Some institutions go farther. To supplement its work with Enrich, MCA has conducted a lengthy search and “is on the brink of signing an engagement with a social justice-oriented consultant in Chicago”, Key says.
Too much for one individual
Even museums that have recently made high-profile staff hires of equity executives are still working with outside consultants. Anne Pasternak, the director of the Brooklyn Museum, has named Keonna Hendrick as its new DEIA director but plans to continue working with outside experts such as Melissa Crum from the Mosaic Education Network. “This work is so huge, one person can’t do it all,” Pasternak says.
Ann Philbin, the director of the Hammer Museum in Los Angeles, which has just appointed Russell Davis as its chief of human resources, equity and engagement, says it is looking for a new consultant. It worked in 2015 with Crossroads Antiracism Organizing and Training, a Midwest group, and in 2019 with the People’s Institute for Survival and Beyond, from New Orleans.
“We’ve learned a lot from every consulting group we’ve had,” Philbin says. “But this time we want to customise the process. If you’ve been doing it for a half-dozen years, some trainings can be a little cookie-cutter.” This time she is only considering local consultants “for two reasons,” she says. “I don’t want this to all take place on Zoom, and I want them to know the context of the community where we’re working.”
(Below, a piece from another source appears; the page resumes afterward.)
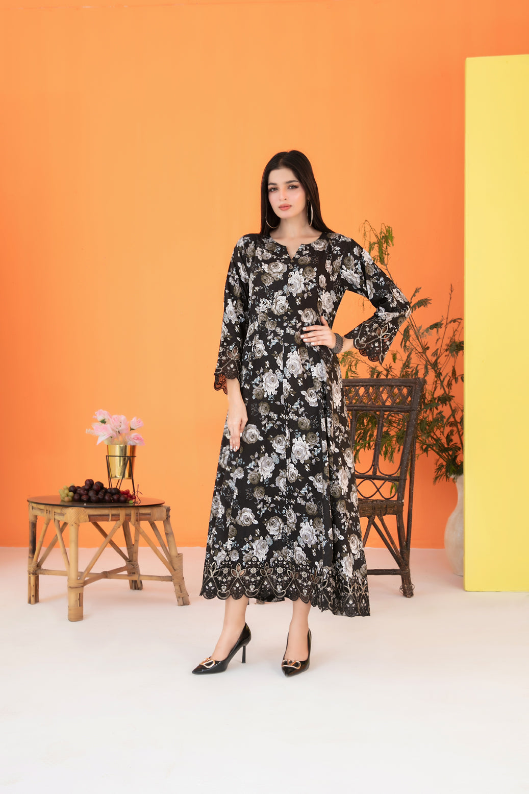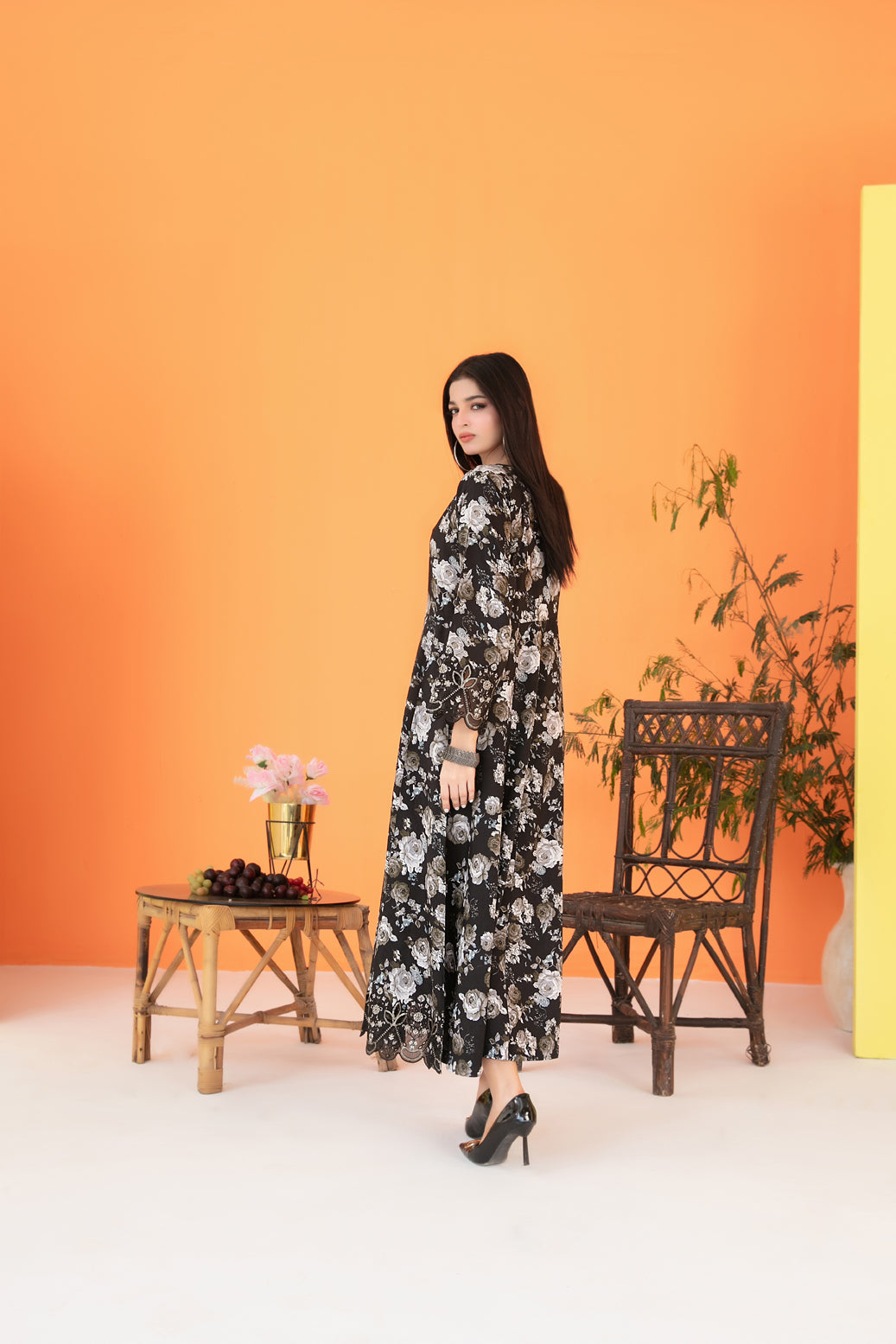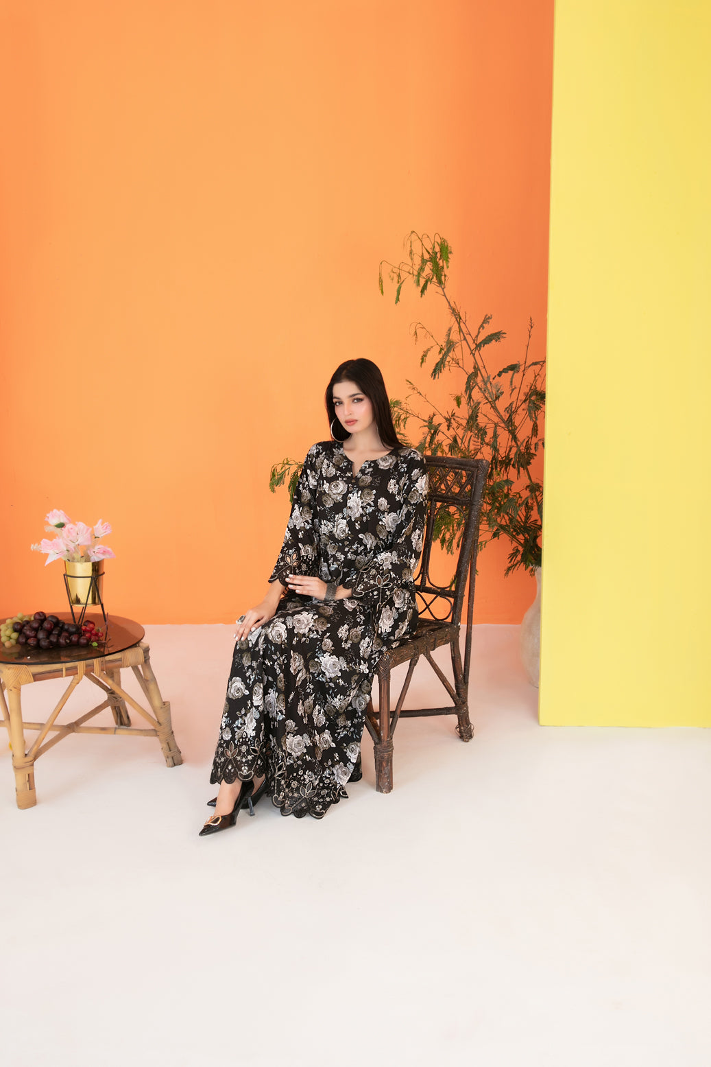 • Stitched Embroidered Digital Printed Staple Maxi with embellishments

Lori Fogarty of the Oakland Museum of California, which already had a diversity initiative when she became its director in 2006, has also shifted to more specialised support. She has worked in the past with Race Forward and LeaderSpring on board and staff training, but this year has hired five different racial equity consultants, all individuals, including one specifically to create a more inclusive budgeting process.
“Like many museums, we will have to make a lot of reductions moving into our fiscal 2022 budget,” Fogarty says. “We want to bring an equity lens to this process to make the decision-making more transparent and to include the folks most impacted by budget decisions.”
She points out that many museums “treat DEIA work as a separate strand of activity and leave financial planning in the hands of six people who have always made those decisions”. Real change, she says, “will move into all core areas of the institution: exhibitions, acquisitions, staffing and also financial decision-making”.